TASK ITEM: Each of the lines below must be written out exactly as shown.

━━ MATERIAL FOR THIS TASK

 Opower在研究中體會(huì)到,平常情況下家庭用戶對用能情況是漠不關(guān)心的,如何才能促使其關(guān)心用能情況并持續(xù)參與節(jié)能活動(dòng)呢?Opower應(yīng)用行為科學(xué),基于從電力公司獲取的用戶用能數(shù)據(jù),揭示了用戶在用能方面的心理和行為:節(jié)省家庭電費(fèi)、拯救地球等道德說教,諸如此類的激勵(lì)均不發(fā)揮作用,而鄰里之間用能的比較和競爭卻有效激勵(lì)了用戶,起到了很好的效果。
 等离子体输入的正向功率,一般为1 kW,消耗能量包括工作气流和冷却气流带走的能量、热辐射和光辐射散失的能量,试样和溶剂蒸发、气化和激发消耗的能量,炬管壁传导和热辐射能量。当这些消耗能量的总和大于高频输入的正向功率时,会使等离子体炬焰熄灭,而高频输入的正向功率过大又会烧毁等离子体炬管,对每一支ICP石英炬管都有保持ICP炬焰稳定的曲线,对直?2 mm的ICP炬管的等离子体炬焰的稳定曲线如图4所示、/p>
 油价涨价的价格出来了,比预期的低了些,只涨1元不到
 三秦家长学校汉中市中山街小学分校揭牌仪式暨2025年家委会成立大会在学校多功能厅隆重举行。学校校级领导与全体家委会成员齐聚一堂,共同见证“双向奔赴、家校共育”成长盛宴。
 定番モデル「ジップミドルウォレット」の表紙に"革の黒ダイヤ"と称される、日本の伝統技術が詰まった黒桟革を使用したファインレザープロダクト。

━━━━

ANSWER BOX:
 Opower在研究中體會(huì)到,平常情況下家庭用戶對用能情況是漠不關(guān)心的,如何才能促使其關(guān)心用能情況并持續(xù)參與節(jié)能活動(dòng)呢?Opower應(yīng)用行為科學(xué),基于從電力公司獲取的用戶用能數(shù)據(jù),揭示了用戶在用能方面的心理和行為:節(jié)省家庭電費(fèi)、拯救地球等道德說教,諸如此類的激勵(lì)均不發(fā)揮作用,而鄰里之間用能的比較和競爭卻有效激勵(lì)了用戶,起到了很好的效果。
 等离子体输入的正向功率,一般为1 kW,消耗能量包括工作气流和冷却气流带走的能量、热辐射和光辐射散失的能量,试样和溶剂蒸发、气化和激发消耗的能量,炬管壁传导和热辐射能量。当这些消耗能量的总和大于高频输入的正向功率时,会使等离子体炬焰熄灭,而高频输入的正向功率过大又会烧毁等离子体炬管,对每一支ICP石英炬管都有保持ICP炬焰稳定的曲线,对直?2 mm的ICP炬管的等离子体炬焰的稳定曲线如图4所示、/p>
 油价涨价的价格出来了,比预期的低了些,只涨1元不到
 三秦家长学校汉中市中山街小学分校揭牌仪式暨2025年家委会成立大会在学校多功能厅隆重举行。学校校级领导与全体家委会成员齐聚一堂,共同见证“双向奔赴、家校共育”成长盛宴。
 定番モデル「ジップミドルウォレット」の表紙に"革の黒ダイヤ"と称される、日本の伝統技術が詰まった黒桟革を使用したファインレザープロダクト。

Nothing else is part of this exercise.